Tuesday, August 18, 2009

The dying young maple tree

This morning on my walk along the lakefront at sunrise, I stopped at a memorial tree, about 15 ft tall, dedicated to a young man who had died at age 20, over 20 years ago. Those types of memorial plaques are sad to read and I always think of the parents and siblings, who may still note the special days. "This year he would be 41," or "I wonder if he'd be married and bringing his children to Lakeside."

Unfortunately, the tree was dying too. I think it is a combination of our dry weather this summer, and over mulching. It had the "volcano" mulch style instead of the donut hole, so what little natural watering we've had through rain couldn't get to the roots. This tree still needed gallons and gallons of water each day to survive. It was born and bred in a nursery, not particularly hardy like the "volunteers" I see growing up through the boulders that were brought in to protect the shoreline.

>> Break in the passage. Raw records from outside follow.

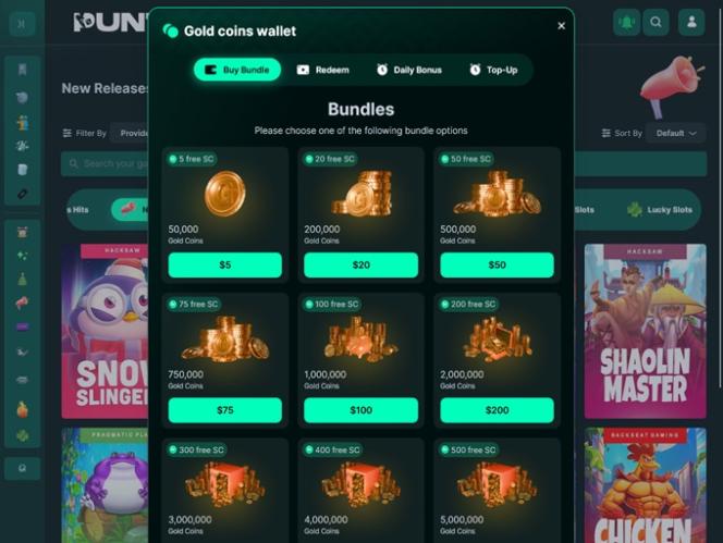 另一方面,掃蕩幣是一種高級貨幣,可以兌換真實獎勵,因此比金幣更有價值,但無法直接從網站上購買。您必須透過各種促銷活動來賺取掃蕩幣,例如迎新獎勵、抽獎、挑戰、推薦系統、每日獎勵、每週促銷、郵件請求、季節性活動和遊戲。購買金幣禮包時,掃蕩幣也會作為禮物。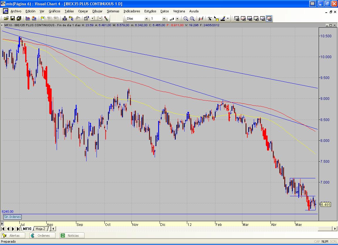 La subida vendrá por la destinación de un billón de euros para proteger la moneda única europea, por el BCE y el FMI y assitiremos a la mayor subida del ibex en 20 años de historia,...Bueno, yo lo pongo y el que avisa no es traidor. La gente que espera que el IBex vaya a 5300, minimos del 2002 se le quedará un poco cara de tonto, pero bueno es el riesgo que hay que correr al estar fuera de mercado...si es que en el fondo hay muchos super bajistas que siempre postean pero nunca compran...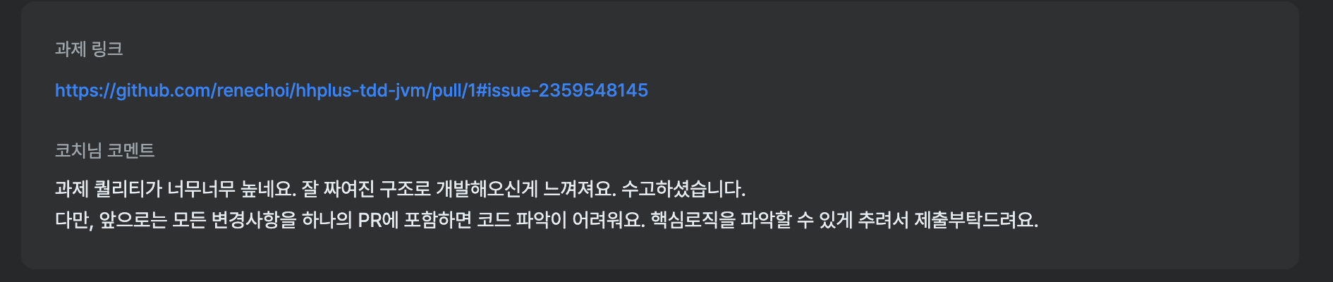 처음 제출한 과제에서 과분한 칭찬을 받았다. 사실 이런 칭찬을 받으면 짜릿하다. 😇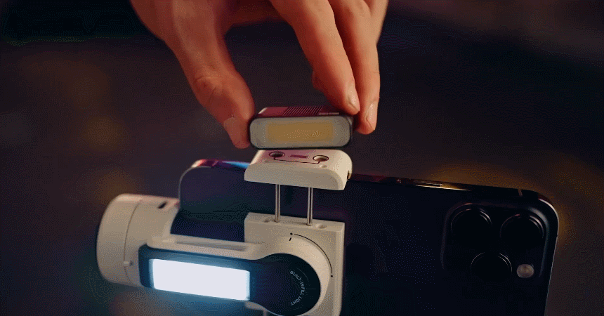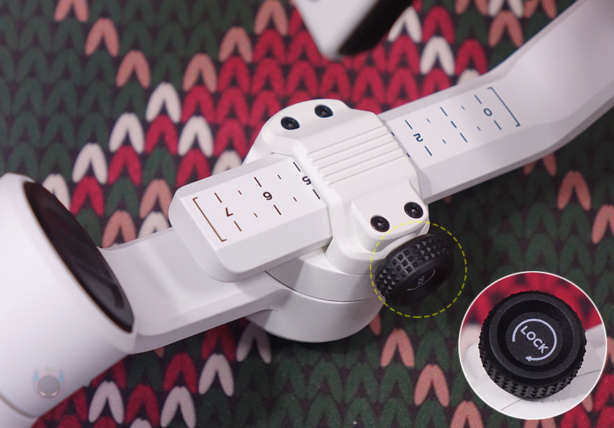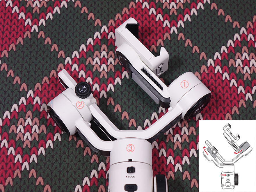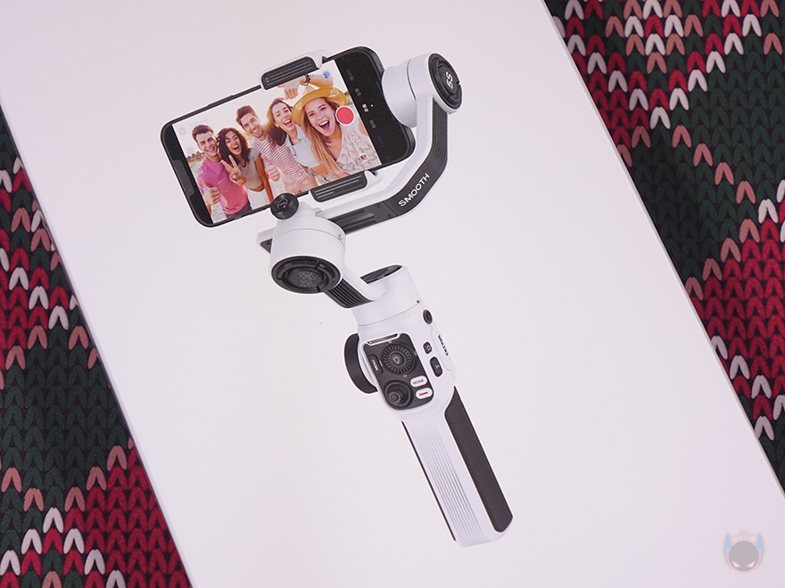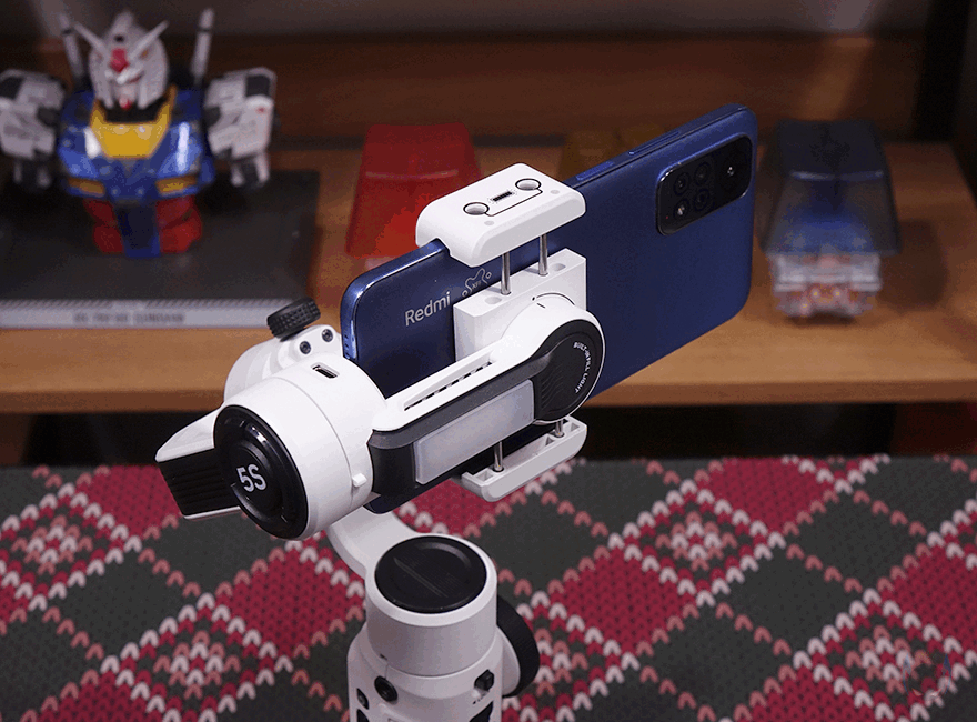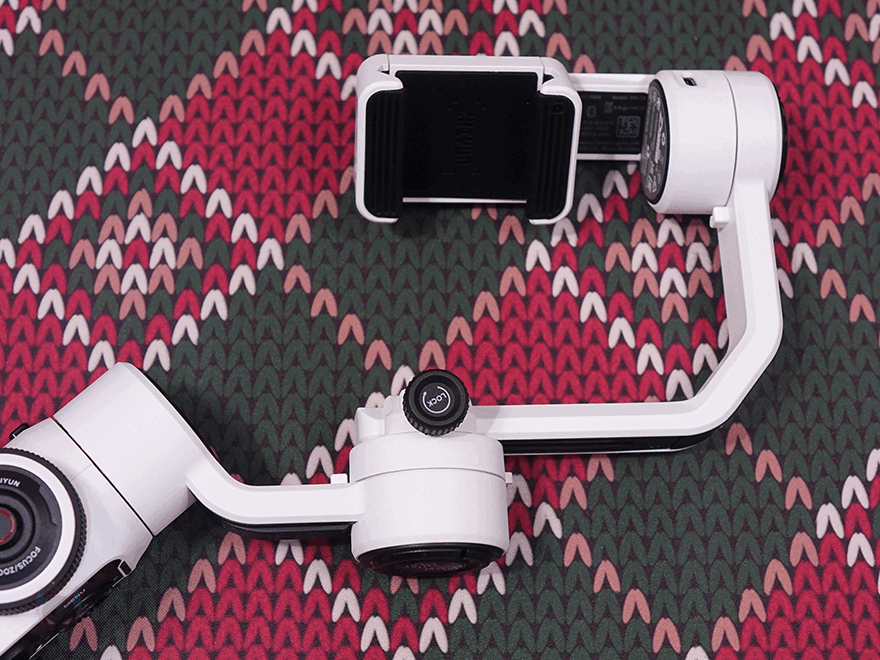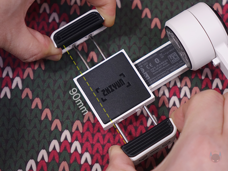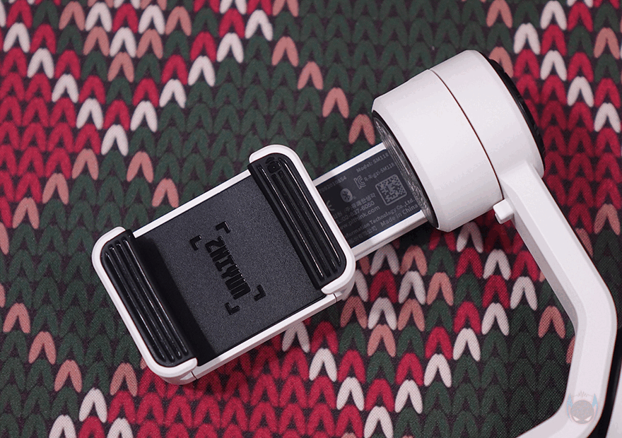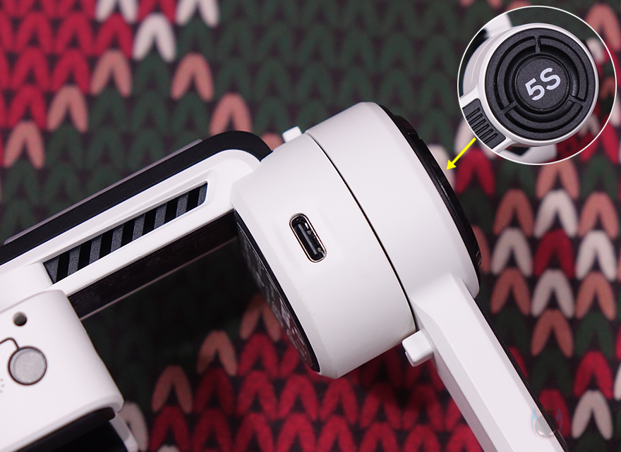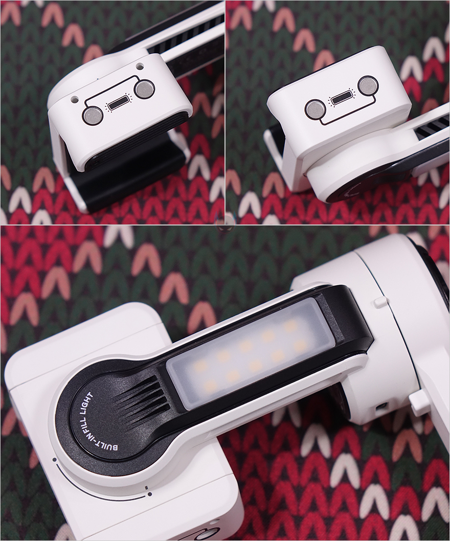 좀 더 자세히 SMOOTH 5S 짐벌을 살펴보면, 일단 리뷰에선 부위별로 살펴보기 위해 사용 전 3축 고정을 모두 풀었습니다. 먼저 틸트-축 부분에는 스마트폰이 장착되는 클램프에 적용되어 있는데, 90도 회전이 가능하고, 최대 90mm까지 벌릴 수 있습니다. 또한, 바로 이전 모델 SMOOTH 5처럼 클램프 양쪽 바깥쪽에는 마그네틱 방식의 조명장치(별도구매)를 장착할 수 있게 지원해주고 있죠. 그리고, 이전 모델에선 없었던 틸트-축과 클램프 연결부 암 후면에 내장 조명이 적용되었습니다. 디퓨저 디자인처리를 해놨지만, 내부에 LED가 10개 박힌 것을 외부 육안으로 쉽게 확인이 됩니다. 그리고, 틸트-축에는 스마트폰을 충전할 수 있게 USB Type-C 포트가 배치되어 있으며, 바깥쪽에는 모델명을 새겨놨죠.

Last Friday classmates from my high school graduation class gathered on the campus (the college closed in 1932, but it is still called the campus) to dedicate a tree to memorialize our deceased class members and friends. Over the years, many of the trees have died, and last summer a terrible wind storm took down many. A few words were spoken about each person and an original poem written for the occasion was read. What a nice idea. I hope to have some photos soon to put on the class blog.

1 comment:

Anonymous said...

Note to Norma...we are watering our tree every other day and the day of planting it was given a 30 soak...not easy sinc we are carrying water. Three of us will be rotating the watering duties. The nursery mulched our tree and I have gently,gradually removered the heaviest of it,as one committee member disagreed and thought lots of mulch was better...she will never notice the mulch is lessened.I left the mulch on until after photos were taken, so you will see mulch in photographs. I will keep everyone updated on this tree and hopefully it will fare better than the one in this sad story.